Proba-V was launched into what is called a ‘Sun-synchronous’ orbit, where it keeps pace with the Sun as it circles Earth at 820 km altitude, allowing it the maximum possible observing daylight. This orbit is gradually decaying however, and the minisatellite lacks onboard thrusters to correct it. Tugged by the gravitational pull of Earth’s equatorial bulge, its observing time is gradually growing earlier in the local morning.

“Basically one of the cameras on Proba-V will soon be observing night-time rather than daylight, meaning it cannot go on delivering daily global coverage anymore to continue the 20 year plus Vegetation time series, so its operational global mission has to end,” comments Dennis Clarijs of VITO, the Belgian research and service centre processing and distributing Proba-V data to users.

“But this isn’t the end of the mission. Instead ESA will be applying its excellent geometric and radiometric performance to make test observations in Europe and Africa, particularly the African Sahel where its results help provide early drought warnings.

“This means the more than 1800 research teams making use of Proba-V data today still have more data to look forward to, albeit on an experimental rather than operational basis. This is good because its 100-m imagery fills a particular niche, as a midway step between Copernicus Sentinel-2 and -3, able to resolve individual field delineations in some cases. Proba-V’s 100-m imagery is also routinely used to cross-check other products, such as the Copernicus Global Land Service.”

Proba-V will also be increasing its observations of the Moon. It is not generally known, but many Earth observation satellites routinely observe our planet’s natural satellite along with Earth itself: the unchanging state of the lunar surface makes it an excellent calibration target.

In the past Proba-V made such lunar acquisitions on a monthly basis. Now the minisatellite will increase them, experimenting with changing frequencies and view angles for the benefit of future Earth-observing missions.

In addition, the plan is to launch in 2021 an additional tiny satellite carrying a single telescope version of the same Vegetation imager aboard Proba-V. This mission is being developed through ESA's General Support Technology Programme, backing advanced technologies for space testing, which also supported the development of Proba-V itself.

Roberto comments: “This companion mission is currently being developed by Belgian startup Aerospace Lab for launch next year. Based on a tiny 12-unit CubeSat  - built up from standardised 10 cm cubic units –  it will image  the same targets as Proba-V areas at the same time except from a different viewing angle, allowing the creation of combined ‘fusion’ image products.

“A major motive behind the original Proba-V mission was to see if an instrument previously hosted on a full-sized satellite could do good work from a smaller platform. With this companion satellite we will raise the bar, using an even smaller, cheaper platform.”

Another companion satellite is also being planned, to host either a thermal infrared imager or an hyperspectral instrument, both of which would offer valuable synergies with Vegetation observations, and test the feasibility of small satellite constellations entering operations in future.
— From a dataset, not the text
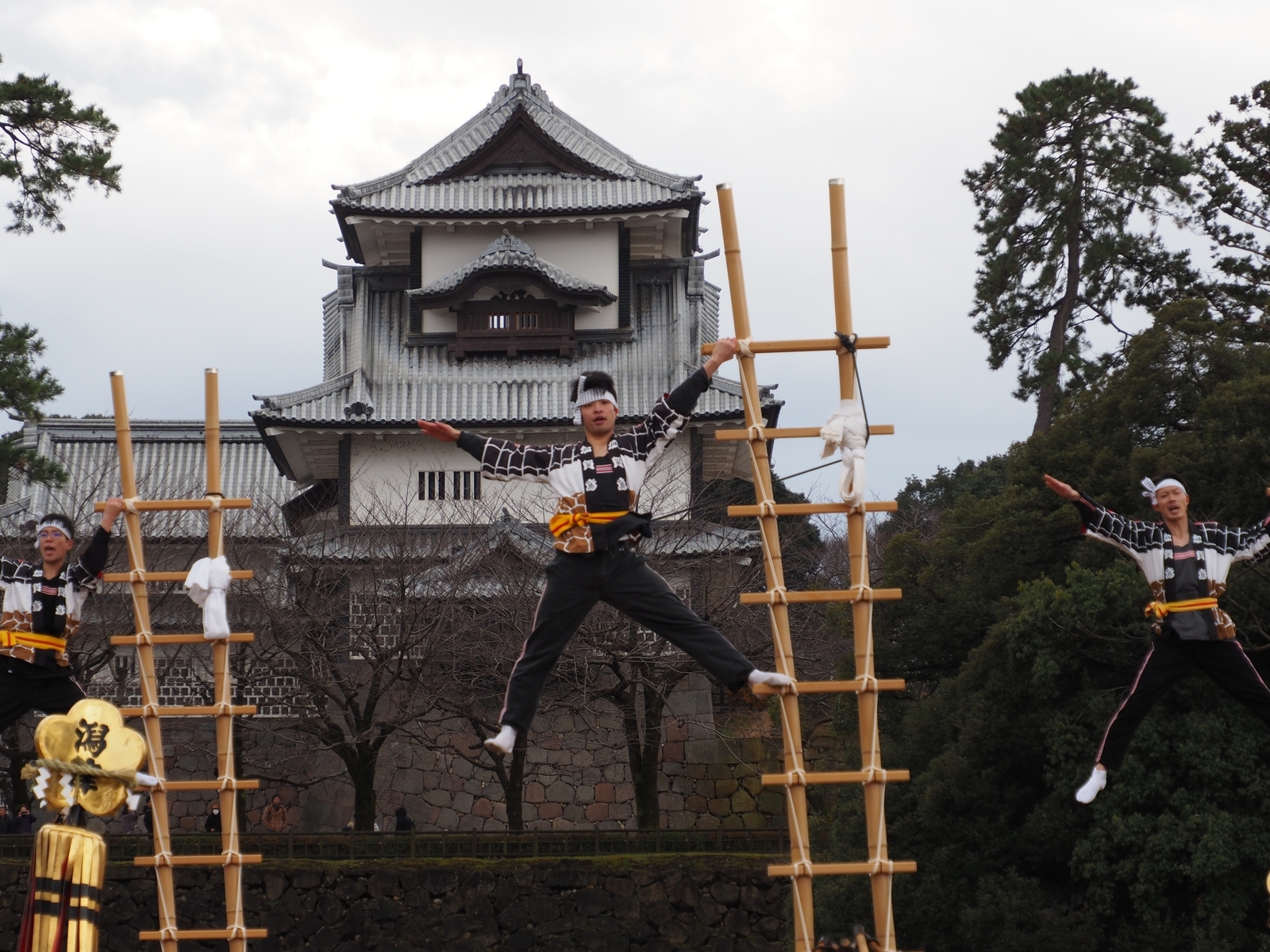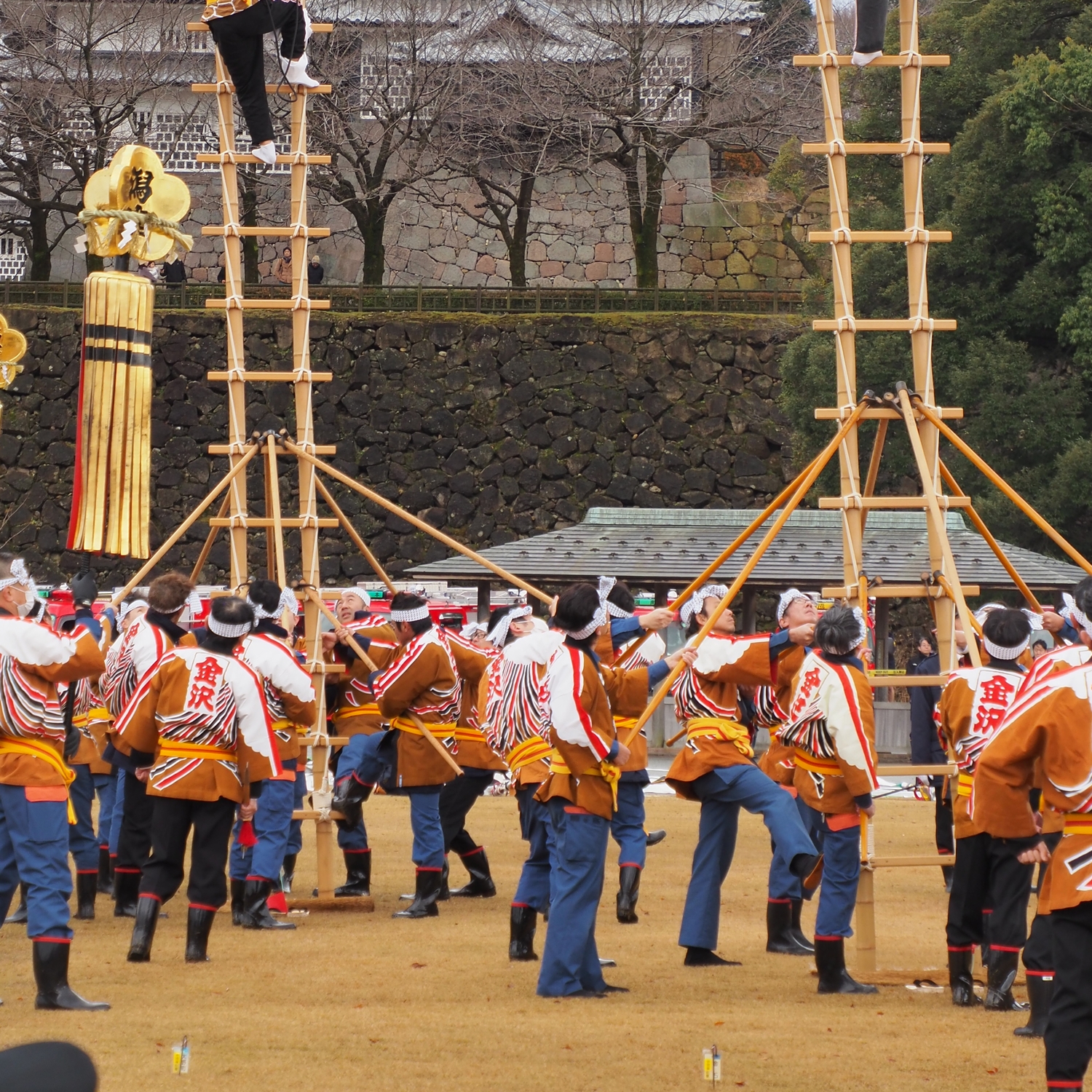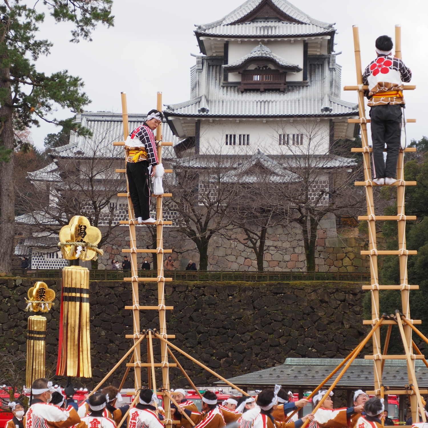 江戸時代、火災現場にはしごを立て、火事の状況を確かめたことが始で、金沢市を代表する伝統芸能の一つです。その華麗な技と勇猛な姿から多くの人々を魅了しています。

Proba-V’s orbital decay will finally bring it into complete darkness in October 2021, when it will either be shut down, or placed in suspended animation, awaiting a time when its orbit brings it into daylight again.

“There is a precedent for such an arrangement,” adds Roberto, “with predecessor mission Proba-1, launched back in 2001, hosting a hyperspectral camera. Having passed through such a period of orbital darkness it is still observing to this day.”

The next in the series of Proba technology-testing missions will be Proba-3, a double satellite mission to demonstrate precision formation flying while studying the surrounding corona of the Sun, due to fly in 2022.